START Data block

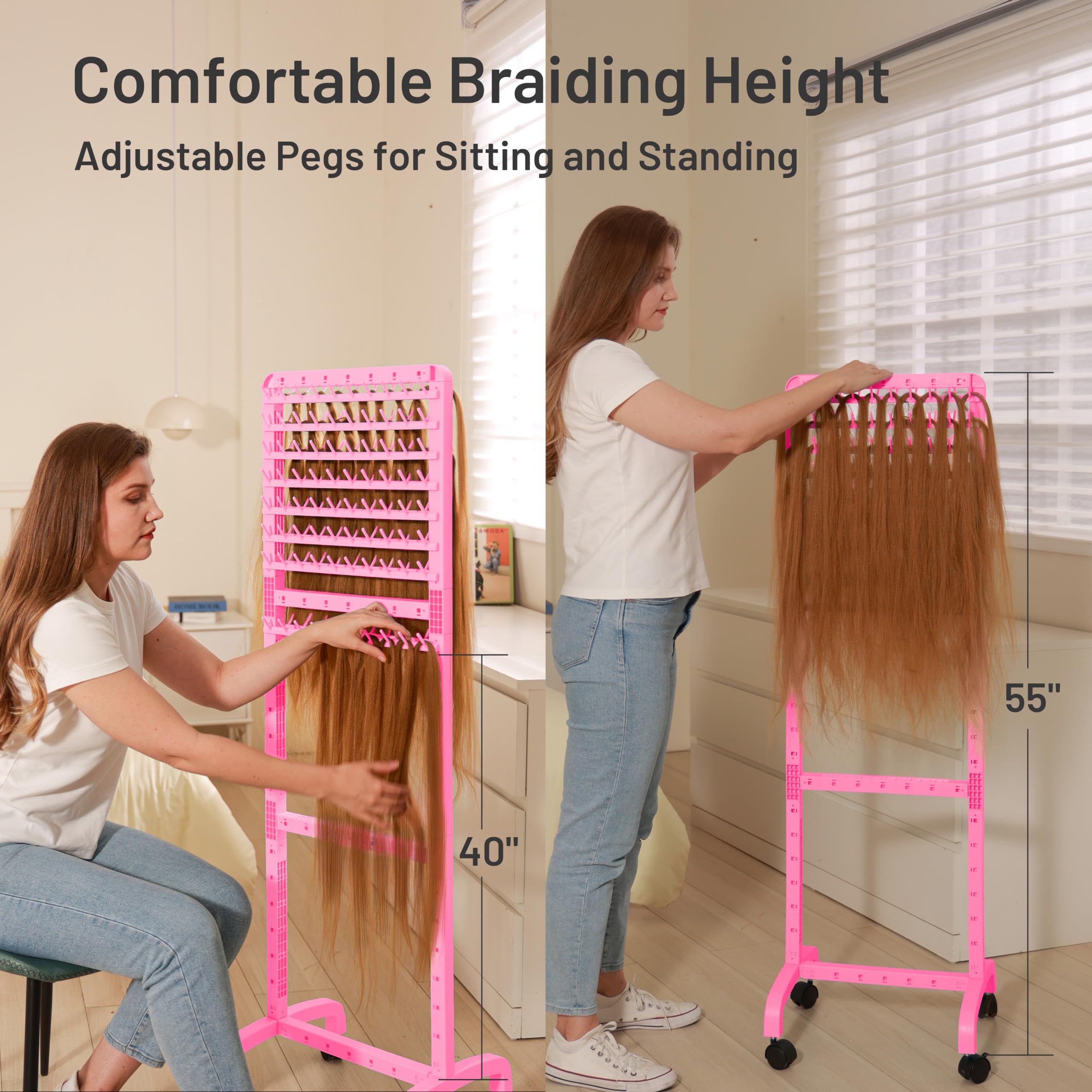 Customized Hair Rack: Removable whole rows of pegs are designed so that you can customize the height and gap of the pegs as you like, and you can also install them one or two sides to maximize your needs, whether you are standing or sitting you will be able to adjust the pegs to a comfortable height, ergonomic, and bring you a better hair braiding experience
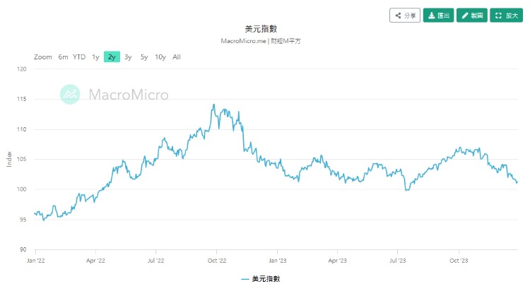 资金由美元区流出,以致美汇指数周内曾跌穿101水平至低见100.61。在芝加哥商品交易所内的利率期货显示,2024年1月加息不足两成,但到3月加息已升至超过84%,到5月的加息机会率更接近百份百。也反映出投资者已预计联储局最少加息3次。也是债券价格及股票市场持续造好的原因。
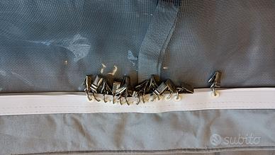 PRIVACY ROOM PER TENDALINO marca FIAMMA mod. PRIVACY 2000 composta da due pannelli laterali ed un pannello frontale che si collegano tra loro e si fissano al tendalino, completa del set di pali. misure: - larghezza mt. 3,15 (adatta per tendalini Fiamma ed Omnistore da mt. 3,00) - altezza mt. 2,30 (adatta per 2,50 al max 2,80) - profondità mt. 2,00 USATA SOLO UNA VOLTA E RIPOSTA vendo causa inutilizzo. Possibilità di visionarla, vendita formula visto e piaciuto, preferisco non spedire eventuale spedizione da computarsi a parte.

END Data block

- _Task item_
All the lines above must be written out exactly, without a single picture.

- _Your response_
 Customized Hair Rack: Removable whole rows of pegs are designed so that you can customize the height and gap of the pegs as you like, and you can also install them one or two sides to maximize your needs, whether you are standing or sitting you will be able to adjust the pegs to a comfortable height, ergonomic, and bring you a better hair braiding experience
 资金由美元区流出,以致美汇指数周内曾跌穿101水平至低见100.61。在芝加哥商品交易所内的利率期货显示,2024年1月加息不足两成,但到3月加息已升至超过84%,到5月的加息机会率更接近百份百。也反映出投资者已预计联储局最少加息3次。也是债券价格及股票市场持续造好的原因。
 PRIVACY ROOM PER TENDALINO marca FIAMMA mod. PRIVACY 2000 composta da due pannelli laterali ed un pannello frontale che si collegano tra loro e si fissano al tendalino, completa del set di pali. misure: - larghezza mt. 3,15 (adatta per tendalini Fiamma ed Omnistore da mt. 3,00) - altezza mt. 2,30 (adatta per 2,50 al max 2,80) - profondità mt. 2,00 USATA SOLO UNA VOLTA E RIPOSTA vendo causa inutilizzo. Possibilità di visionarla, vendita formula visto e piaciuto, preferisco non spedire eventuale spedizione da computarsi a parte.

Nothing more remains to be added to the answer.